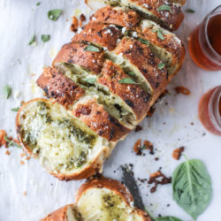 On the slip side, it’s completely appropriate to serve a big loaf of cheesy bread at any party. I mean, it’s usually the first snack I gravitate to at a party, and throw in some pesto? And some roasted garlic? Which is caramely and sweet?
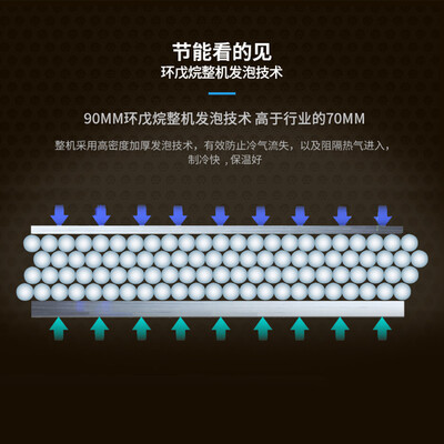 门体密封技术,90MM高密度加厚发泡技术,双顶开门体,阻隔热气,锁定低温。机体散入孔,机身配备散热孔,更好发挥性能。
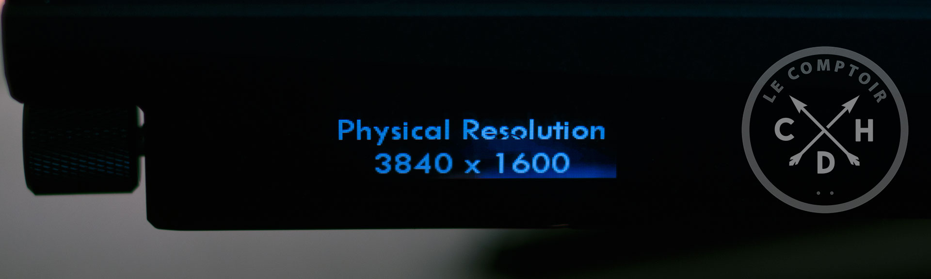 Derrière ce nom à coucher dehors, se cache un moniteur 38" au format 21:9, même si la définition fixée à 3840 x 1600, correspond plus précisément à 21,6:9. Les dimensions sont conséquentes, avec le corps de l'écran (sans le pied) affichant 89,7 cm x 42,2 cm x 12,2 cm. L'épaisseur relativement importante n'est pas entièrement due à l'épaisseur du boitier (qui est notable), mais aussi à la courbure de ce dernier. Celle-ci n'est toutefois pas très prononcée (2300R = courbure correspondant à un arc d'un cercle de 2,3 m de rayon). L'utilisation du pied fera passer la profondeur à 32,6 cm, il faudra donc prévoir la place en conséquence sur le bureau. Si la face avant laisse apparaître des bordures relativement fines, ce n'est pas le cas de celle inférieure, créant un petit "menton" façon iMac à ce moniteur.
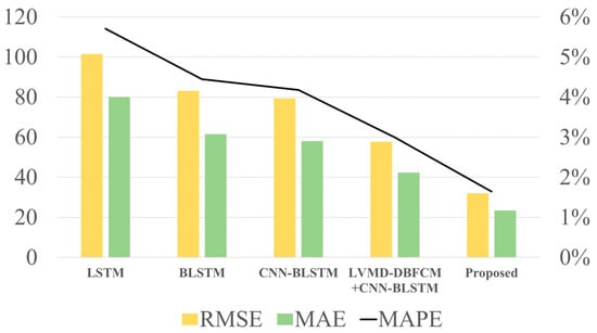 The comparison between the prediction model proposed in this paper and the four models LSTM, BLSTM, CNN-BLSTM, and LVMD-DBFCM+CNN-BLSTM using three load evaluation indices, RMSE, MAE, and MAPE, is shown in Table 4 and Figure 17. From the results, we can see that the prediction models proposed in this paper have better prediction results than the other four models in all evaluation indices.
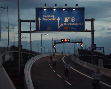 | Train | Treptow | Abends | ca. 10min | A.Warhol | slow, no effects | Im Abstand von 10 Minuten begegnen sich auf der Oberbaumbrücke die U-Bahnen der Linie 1. Aber zur Zeit der Sonnenwende werden an ein paar Tagen, sofern das Wetter wolkenlos ist, und man am rechten Ort ist, ausserdem die Treptowers gesprengt. |

========

__Work order__:
Beginning at the line that has "门体密封技术,90MM高密度" and ending at the line that has "The comparison between", restate the listing above word for word, pictures left out.

__Reply__:
 门体密封技术,90MM高密度加厚发泡技术,双顶开门体,阻隔热气,锁定低温。机体散入孔,机身配备散热孔,更好发挥性能。
 Derrière ce nom à coucher dehors, se cache un moniteur 38" au format 21:9, même si la définition fixée à 3840 x 1600, correspond plus précisément à 21,6:9. Les dimensions sont conséquentes, avec le corps de l'écran (sans le pied) affichant 89,7 cm x 42,2 cm x 12,2 cm. L'épaisseur relativement importante n'est pas entièrement due à l'épaisseur du boitier (qui est notable), mais aussi à la courbure de ce dernier. Celle-ci n'est toutefois pas très prononcée (2300R = courbure correspondant à un arc d'un cercle de 2,3 m de rayon). L'utilisation du pied fera passer la profondeur à 32,6 cm, il faudra donc prévoir la place en conséquence sur le bureau. Si la face avant laisse apparaître des bordures relativement fines, ce n'est pas le cas de celle inférieure, créant un petit "menton" façon iMac à ce moniteur.
 The comparison between the prediction model proposed in this paper and the four models LSTM, BLSTM, CNN-BLSTM, and LVMD-DBFCM+CNN-BLSTM using three load evaluation indices, RMSE, MAE, and MAPE, is shown in Table 4 and Figure 17. From the results, we can see that the prediction models proposed in this paper have better prediction results than the other four models in all evaluation indices.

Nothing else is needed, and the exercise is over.